Japanese technology giants Toshiba Corp and Fujitsu Ltd both recorded losses for the year through March 31 as a result of poor semiconductor sales and a slumping domestic economy. Toshiba reported a group net loss of 13.9bn yen ($115m), compared with a 7.34bn yen ($61m) profit the previous year. Falling memory chip prices and soft sales of logic chips were largely to blame, the company said. Overall revenue dipped 2.9% to 5.3 trillion yen ($43.81bn), the second consecutive decline, while operating profit plunged 63% to 30.48bn yen ($252m). For Toshiba, the poor year marked its first group net loss in 23 years.
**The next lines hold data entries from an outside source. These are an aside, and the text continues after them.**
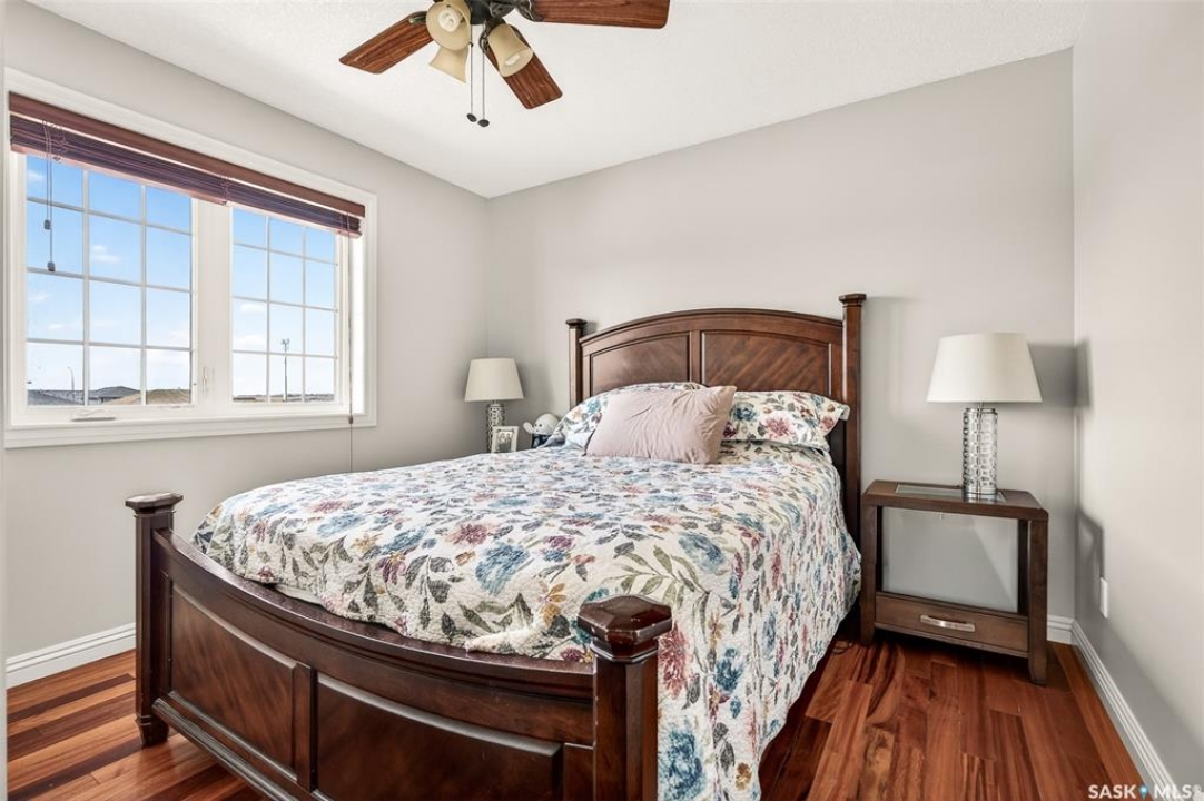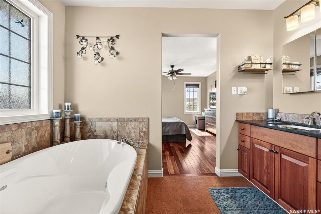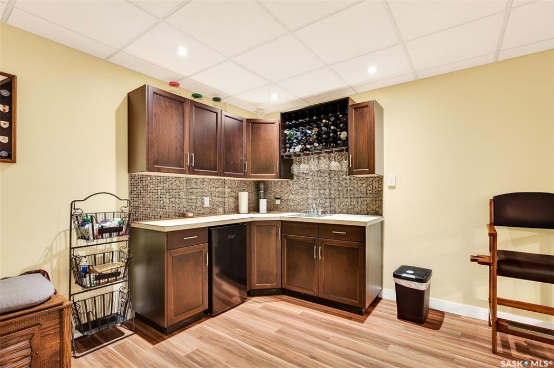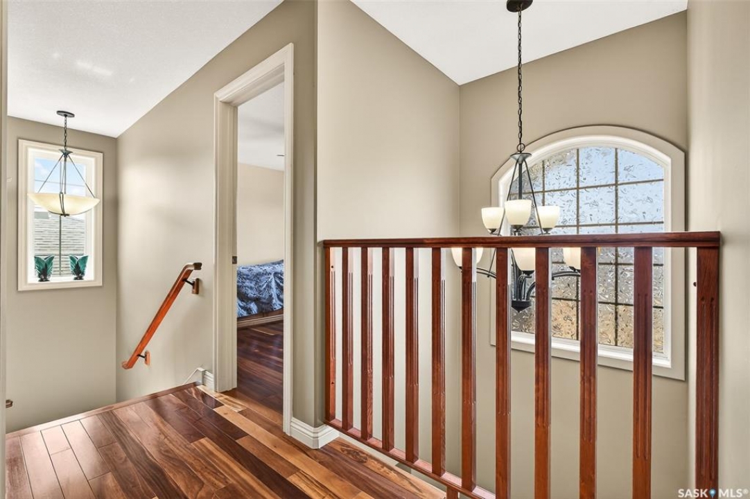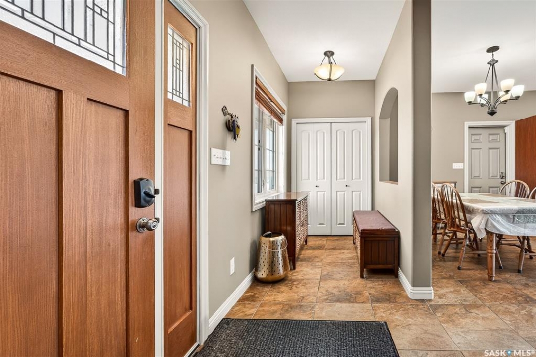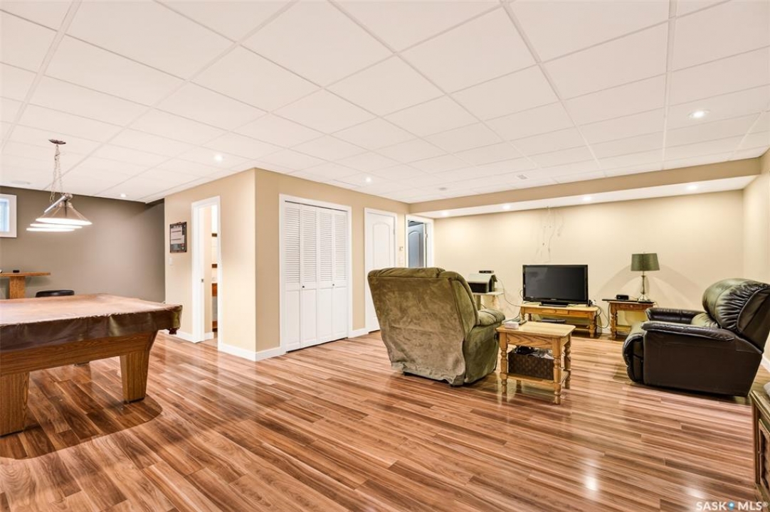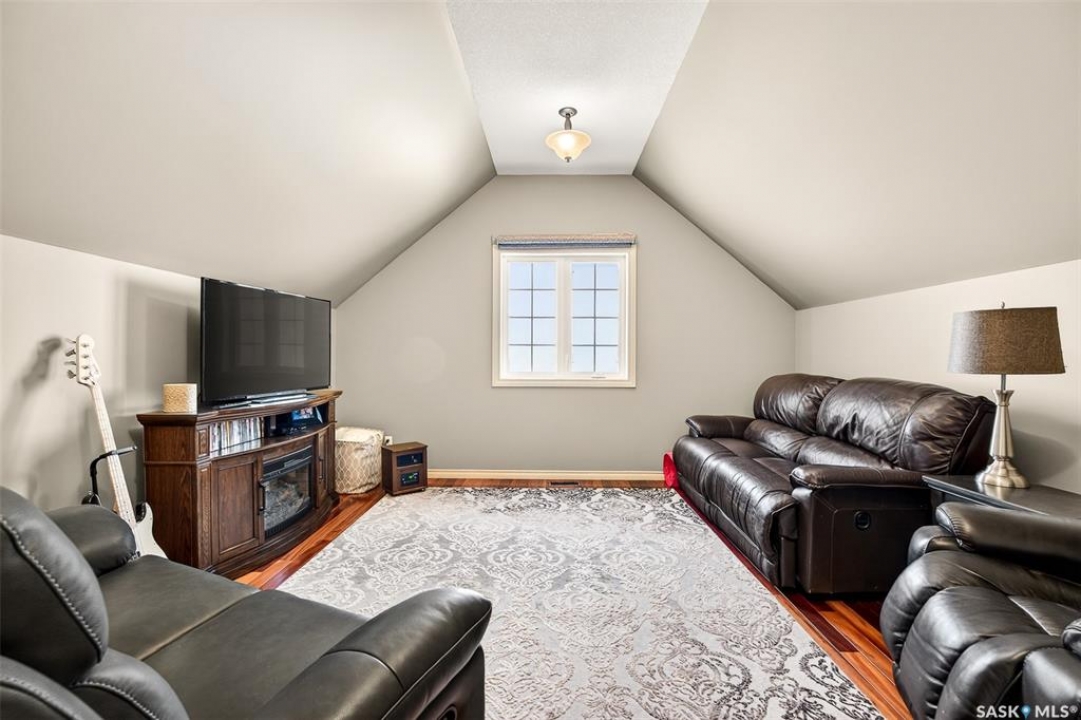 WHAT. A. BEAUTIFUL. HOME. CUSTOM DESIGNED TWO-STOREY within walking distance to the new JOINT-USE ELEMENTARY SCHOOL. An impressive layout, offering 3 BEDROOMS UP, plus a bonus bedroom/flex/office space on the main level. Features DIRECT-ENTRY, IN-FLOOR HEATED 24' x 40' GARAGE, with dedicated WORKSHOP/GYM area INCLUDING a 2-PIECE BATH. The ‘park-like' outdoor living space is equally remarkable, highlighted by a lower-level BRICK PATIO with a built-in cooking centre and concrete island, complete with a natural gas BBQ and an AUTHENTIC PIZZA OVEN crafted with imported Italian masonry. The home boasts excellent curb appeal with durable HARDIE fibre-cement siding, a welcoming COVERED FRONT PORCH, and a spacious front entry that opens into a bright, open-concept living, dining, & kitchen area. The kitchen showcases custom cherry wood cabinetry, GRANITE countertops, and a convenient corner pantry. Elegant tile (IN-FLOOR HEAT under main floor tile) and Brazilian TIGERWOOD flooring flow throughout most of the main and second levels. Upstairs, you'll find a versatile BONUS SPACE, with dedicated 2nd FLOOR LAUNDRY room. A luxurious PRIMARY SUITE with a spa-like ENSUITE and spacious WALK-IN CLOSET rounds out this large 2nd level. The fully developed lower level offers cozy IN-FLOOR HEATING and a generous family/rec room complete with a wet bar and pool table (included), perfect for entertaining and hosting. Completing the home is a built-in audio system with smartphone compatibility, featuring integrated audio both inside and outdoors. A ONE-OF-A-KIND PROPERTY. Priced to sell. Book your viewing today!
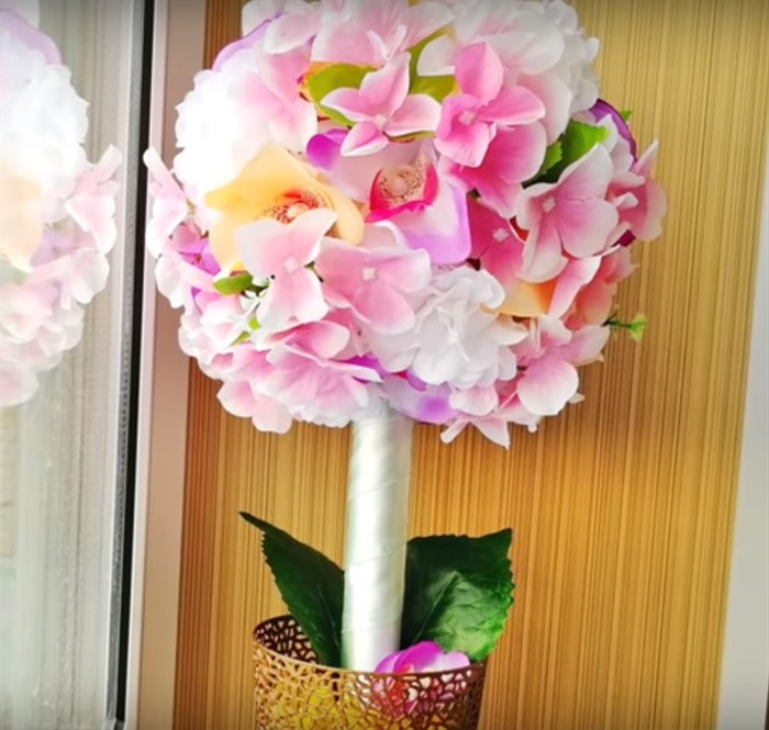 Ежегодно в садиках проходят выставки, на которые несут свои поделки не детки, а мамы. На такую выставку принято приносить экспонаты не привязанные к определенной тематике. Мы предлагаем сделать яркий, весенний топиарий. Для его создания потребуются: газеты или шар из пенопласта, нитки, трубка бумажная от фольги или пергамента, горшок, камешки, цветы искусственные, пистолет клеевой и лента атласная.
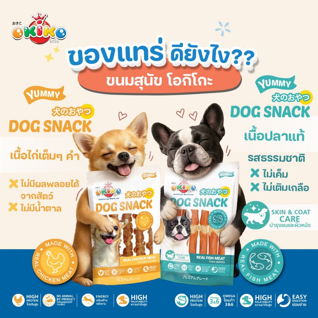 (ขนาดถุงกลาง) OKIKO โอกิโกะ DOG SNACK ขนมสุนัข เนื้อปลาชนิดต่างๆ ขนมทางเลือกสำหรับสุนัขแพ้ง่าย
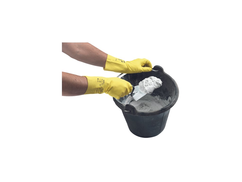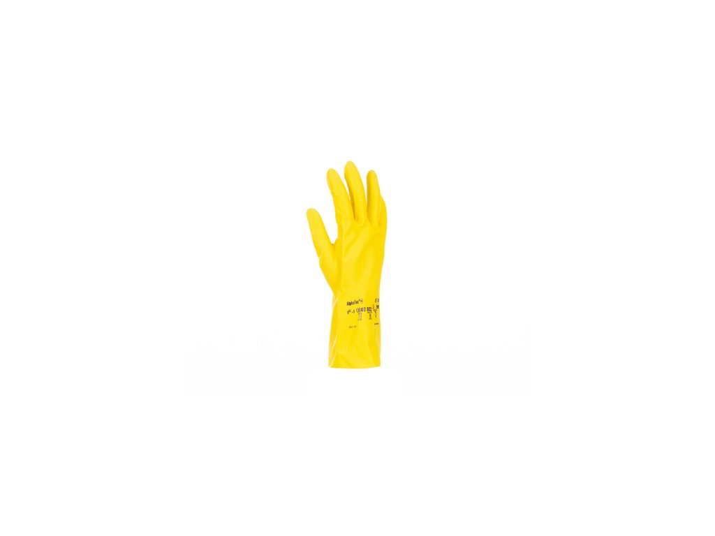 Žlté rukavice z 0,35 mm silného prírodného latexu, s velúrovou úpravou vo vnútri, v celkovej dĺžke 30,5 cm, vhodné pre práce v domácnosti.Dodatočné parametre
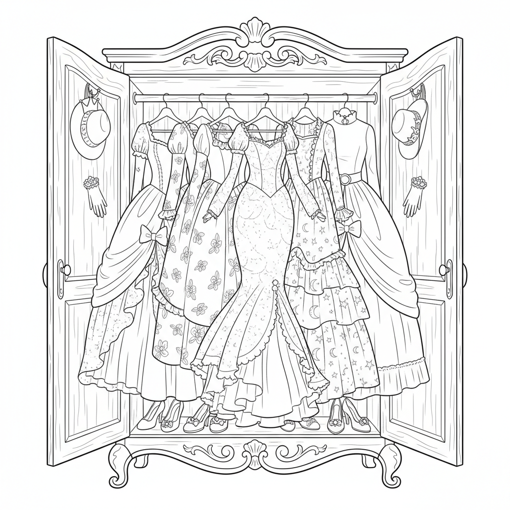 A delightful princess coloring page featuring princess dress collection wardrobe closet gowns variety. Perfect for kids and adults who love coloring!
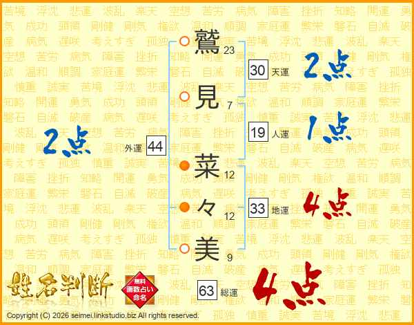 鷲(23画)見(7画) 菜(12画)々(12画)美(9画)
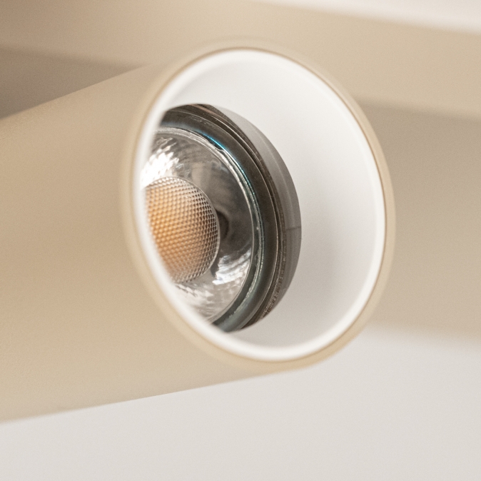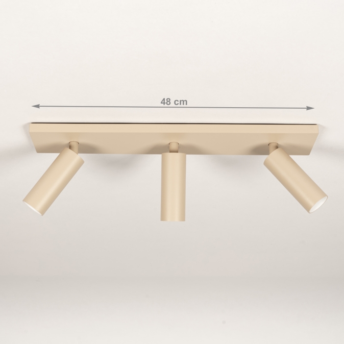 Deze driedubbele opbouwspot straalt elegantie uit dankzij de langwerpige plafondplaat en slanke lichtkokers. De matte, beige afwerking zorgt voor een moderne, tijdloze uitstraling die moeiteloos past in elk interieur. Dankzij de draaibare en kantelbare kokers richt je het licht precies daar waar nodig. De iets verzonken mini GU10 lichtbronnen zorgen voor rustige, niet-verblindende lichtbundels. Perfect voor zowel functionele als sfeervolle verlichting!Voordelen driedubbele opbouwspot in mat beige
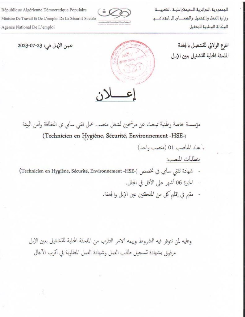 يشرح الارتباط المحلي بعملية عين الأبل بالجلفة نبذة عن عرض عمل لمؤسسة وطنية خاصة بالجلفة كما هو مبين أدناه
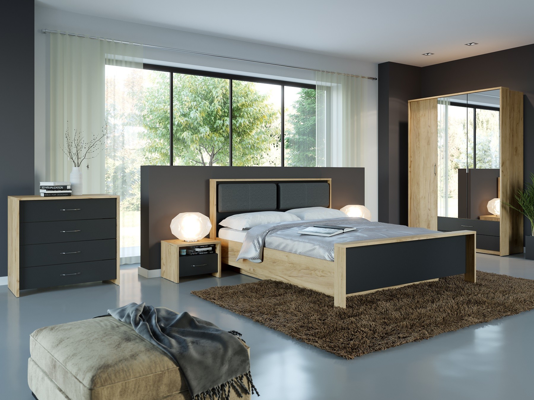 Детали корпуса изготовлены из ЛДСП толщиной 16 и 22 мм с использованием кромки 0,4 и 2,0 мм. Фасады выполнены из ЛМДФ толщиной 16 мм и облицованного пленкой ПВХ и ЛДСП толщиной мм с использованием кромки 0,4 мм. Спинки кроватей оформлены мягкими элементами из текстиля и экокожи. Модули с ящиками комплектуются шариковыми направляющими полного выдвижения. Петли фирмы Titus, с возможностью использования доводчиков.
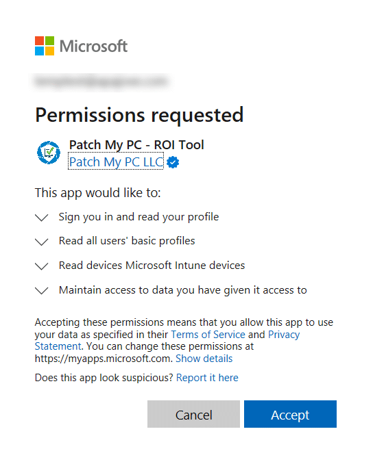 This uses delegated permissions; the Patch My PC ROI tool does not harvest any of your Intune data, and it is not stored anywhere other than in your tenant. It simply allows the tool to connect to your Intune tenant on your behalf.
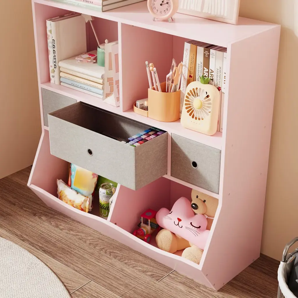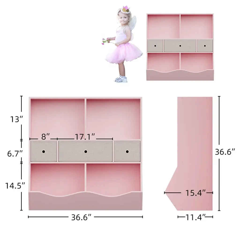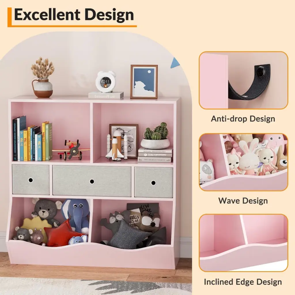7-cubby Large Kids Toy Storage Organizer, Children Wood Bookcase And Bookshelf, 3-tier Toy Storage Cabinet,pink
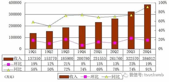 其中,B站2020年第四季度营收为38.4亿元(约5.89亿美元),较上年同期的20亿元增长91%。

Operating profit from information and telecommunications systems more than doubled to 94.7bn yen ($783m), boosted by strong sales in the company’s PC business, but that wasn’t enough to save the year. Pretax profit dropped 40% to 11.22bn yen ($93m) and the bottom line was also hit by 16.8bn yen ($139m) in one-time tax payments under US accounting standards. In the current year through March 2000, Toshiba says it expects a net profit of 25bn yen ($207m) on renewed strength in chip sales and home electronics. Revenue is projected to rise 8% to 5.7 trillion yen ($47.11bn), while group operating profit will soar to 110bn yen ($909m).

Fujitsu, meanwhile, reported a group net loss of 13.64bn yen ($112m) after posting a net profit 5.59bn yen ($46m) the prior year. Like Toshiba, the company cited a decline in chip prices – as well as cutbacks in domestic telecommunications investment and hefty restructuring charges – as the prime reasons behind the loss. Group pretax profit totaled 76.74bn yen ($634m), down 37% from last year, and sales rose 5.2% to 5.24 trillion yen ($43.3bn).

The bottom line was hit by extraordinary losses from the closing of the company’s semiconductor manufacturing plant in the UK and other restructuring expenses, as well as a one-time charge of 38.1bn yen ($314m) related to realignment at its British ICL Plc unit. For the current year, Fujitsu projects group sales up 8% at 5.65 trillion yen ($46.7bn), a pretax profit of 170bn yen ($1.4bn) and net profit of 80bn yen ($661m). The company will also cut its semiconductor investment by 19% this year, even as it increases production 10%. Last year, it cut spending on chip production by roughly 54% cut.